Current Headlines: By Sarah Lyall

Ten years have passed since Diana, Princess of Wales, died and Britain erupted in a febrile convulsion of grief and anger, but in some ways you would hardly know it.

The tabloids are still spinning breathless tales of conspiracy, cover-up and royal squabbling. "Document That Proves Diana Was Pregnant," read a recent headline in The Daily Express, nicknamed The Diana Express because of its enthusiasm for even the most tenuous news about the princess.

"Charles 'Hijacks' Diana Memorial," The Mail reported Sunday, in an article about fights over the guest list at the anniversary service, which is set for Friday. (Elton John and Prime Minister Gordon Brown: in. Paul Burrell, Diana's butler, who is now peddling products like tea sets and "Royal Butler" wine: out).

The royal family is still fretting and bickering, seemingly incapable of getting it right. After being attacked for deciding to attend Diana's service, Prince Charles's second wife, Camilla, Duchess of Cornwall, abruptly announced last weekend that she would stay away after all so as not to "divert attention from the purpose of the occasion."

("Who could blame Camilla for being worried sick at the prospect of being captured by TV cameras as she knelt in the Guards' Chapel to pay tribute to the young woman, untimely ripped from us, who long ago nicknamed her The Rottweiler?" Allison Pearson wrote in The Daily Mail.)

And people are still arguing, as they did in that odd, volatile time a decade ago, over Diana's significance, in life and in death.

Was she a naive innocent or a sophisticated schemer? Was Diana an extraordinary woman whose "lifetime of service touched the lives of millions," as Brown wrote over the weekend, or a "devious moron" desperate for attention, as the feminist author Germaine Greer recently described her?

Also, did her talent for drawing people into the dysfunctional minutiae of her life, and the un-British paroxysms of anguish that followed her death, change the psyche of a nation known for making repression a virtue?

And, it has been 10 years. Why do we even care?

Patrick Jephson, Diana's private secretary from 1990 to 1996, said that she still had the ability to capture and to polarize a crowd.

"Either you are a Diana fan or a Diana skeptic," he said in an interview. "People tend to see her in these rather monochrome shades, whereas in fact, of course, she was a complex figure. People tend to overlook that she was a serious person in a serious role doing a serious job in her life."

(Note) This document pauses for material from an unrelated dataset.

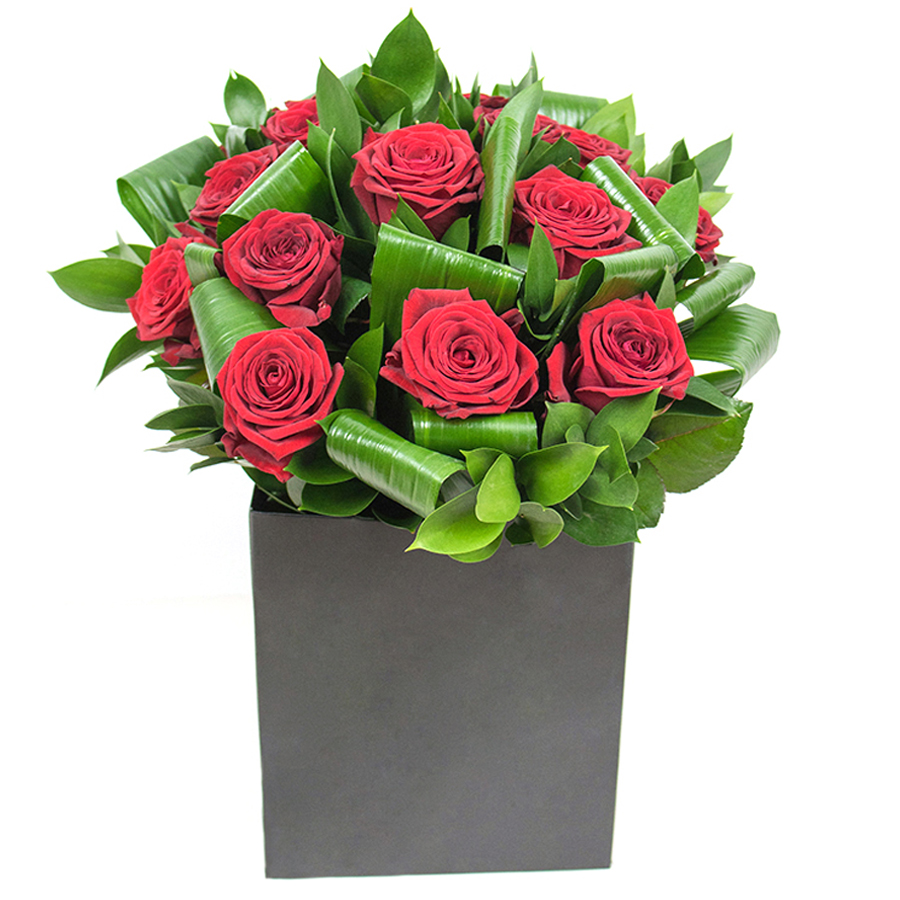 Embrace the exquisite charm of our Luxurious Red Rose Arrangement. This bouquet features a captivating blend of deep red roses, vibrant aspidistra leaves, and graceful ruscus, creating a visually stunning centerpiece for any occasion.

Diana's death, in a car accident in a Parisian tunnel, is hardly the raw wound it was 10 years ago. People are not walking through London openly sobbing, depositing vast seas of flowers at the royal palaces or calling for Queen Elizabeth to show her humanity by, say, collapsing with grief in public. Life is going on much the way it did before.

But as the country prepares to mark the anniversary of the princess' death, on Aug. 31, the woman the columnist Suzanne Moore calls "the ghost at every royal occasion" is hard to miss.

The royal memorial service is not open to the public, but shoppers at Harrods department store have been invited to remain silent for two minutes on Friday with Mohamed al-Fayed, the owner, whose son, Emad Mohamed, known as Dodi, died with Diana. Fayed has not been invited to the official service, probably because he has repeatedly declared the crash to be an establishment plot orchestrated by the British security services, led by Prince Philip, the queen's husband.

Newspapers and magazines are awash in commemorative sections and analyses of What It All Means. On television, a stream of films starring Diana look-alikes has revisited various well-trod aspects of Diana's life. An audio-visual exhibit at Kensington Palace, where she lived, is devoted to "Diana: A Princess Remembered."

Crowds are still taking in the sunshine (when there is any) and having picnics beside the Diana, Princess of Wales, Memorial Fountain in Hyde Park. There, Diana is a topic, much like the weather, about which everyone is sure to have an opinion.

Jane Bowyer, 51, said there the other day that she was still angry that Camilla, or "the Duchess of Whatever She Calls Herself," had moved from pilloried royal mistress to acceptable public figure.

On the other hand, Peter Hall, 45, said, "Camilla glams up really well."

But what about Diana? Did she transform the British psyche?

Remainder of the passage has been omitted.